= Parapotamii =

Town of ancient Phocis

Parapotamii or Parapotamioi (Παραποτάμιοι) or Parapotamia (Παραποταμία), both meaning near the river, was a town of ancient Phocis on the left bank of the Cephissus (whence its name), and near the frontier of Boeotia. Its position is described in a passage of Theopompus, preserved by Strabo, who says that it stood at a distance of 40 stadia from Chaeroneia, in the entrance from Boeotia into Phocis, on a height of moderate elevation, situated between Parnassus and Mount Hedylium; he adds that these two mountains were separated from each other by an interval of 5 stadia, through which the Cephissus flowed. The Cephissus flowed into the territory of Parapotamii after leaving that of Elateia and before that of Panopeus; Parapotamii's territory was adjacent to those of Ambrysus, Panopeus, and Daulis.

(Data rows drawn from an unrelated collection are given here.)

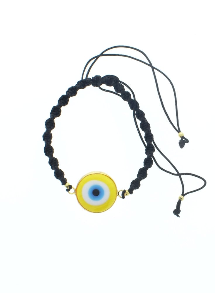Evil eye, yellow glass, macrame bracelet, sold by each
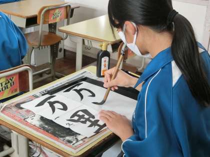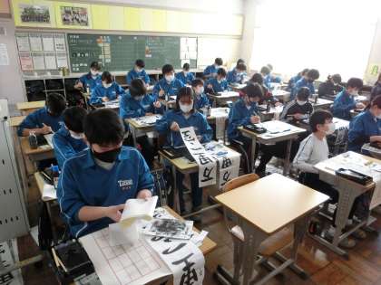 1/9 13 黙々と筆を走らせ… 1 公開日 2024/01/09 更新日 2024/01/09 各学年から 本日の2・3時間目に行われた書き初め大会・1年3組の様子です。 1年生の題目は「万里一空」。これまでの練習の成果を発揮しようと黙々とと取り組んでいました。 題目の文字には「一つの目標に向かって努力し続けること」という意味があります。これからの課高岡中を引っ張っていくべき目標を見据え、力も十分に蓄えていってほしいと思います。
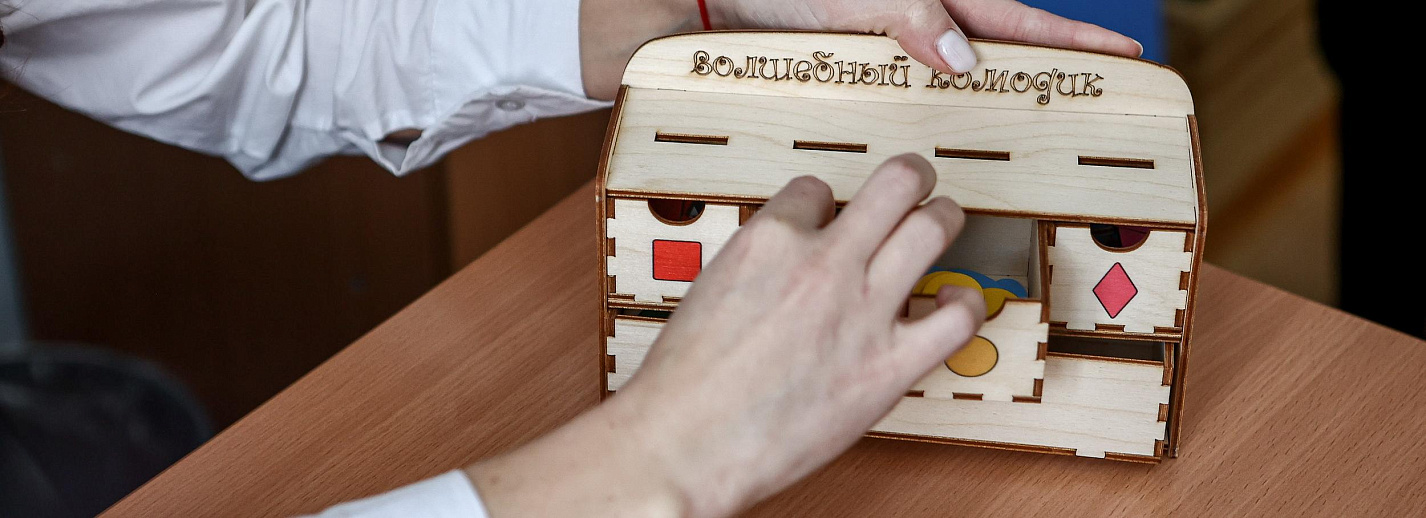 Фото: Ростислав Нетисов, nsknews.infoНоу-хау для занятий демонстрирует учитель-логопед Марина Сенкевич. Всё оборудование по проекту «Доброшкола» педагоги тщательно подбирали сами по своим задачам. Например, «Сундучок логопеда» позволяет брать материалы разных уровней сложности в зависимости от возможностей ребёнка и выстраивать коррекционный маршрут для каждого ученика.

Pausanias emphasized the great fertility of its area which was such that it was even said that the name of Parapotamii was the designation for those who had their crops next to Cephissus and that they referred to a verse of Homer in the Catalogue of Ships of the Iliad that read: "And those who dwelt by the divine river Cephissus"

During the Greco-Persian Wars, Parapotamii was one of the places destroyed by the Achaemenid army under Xerxes I in 480 BCE In 395 BCE, its territory was sacked by the Boeotians, who however were unsuccessful in their attempt to assault the city. It was one of the cities devastated by Philip II of Macedon at the conclusion of the Third Sacred War. Pausanias mentions that, during the first Pythian Games (582 BCE) organized by the Delphic Amphictyony, in the youth boxing, Ecmeas of Parapotamii was a victor. He adds that after its destruction it was not rebuilt and that in his time (2nd century) there were no more ruins and no one remembered the exact place where it was. Plutarch in his life of Sulla speaks of the acropolis of the deserted city, which he describes as a stony height surrounded with a precipice and separated from Mt. Hedylium only by the river Assus.

The location of Parapotamii is near the modern village of Belesi (Levendi).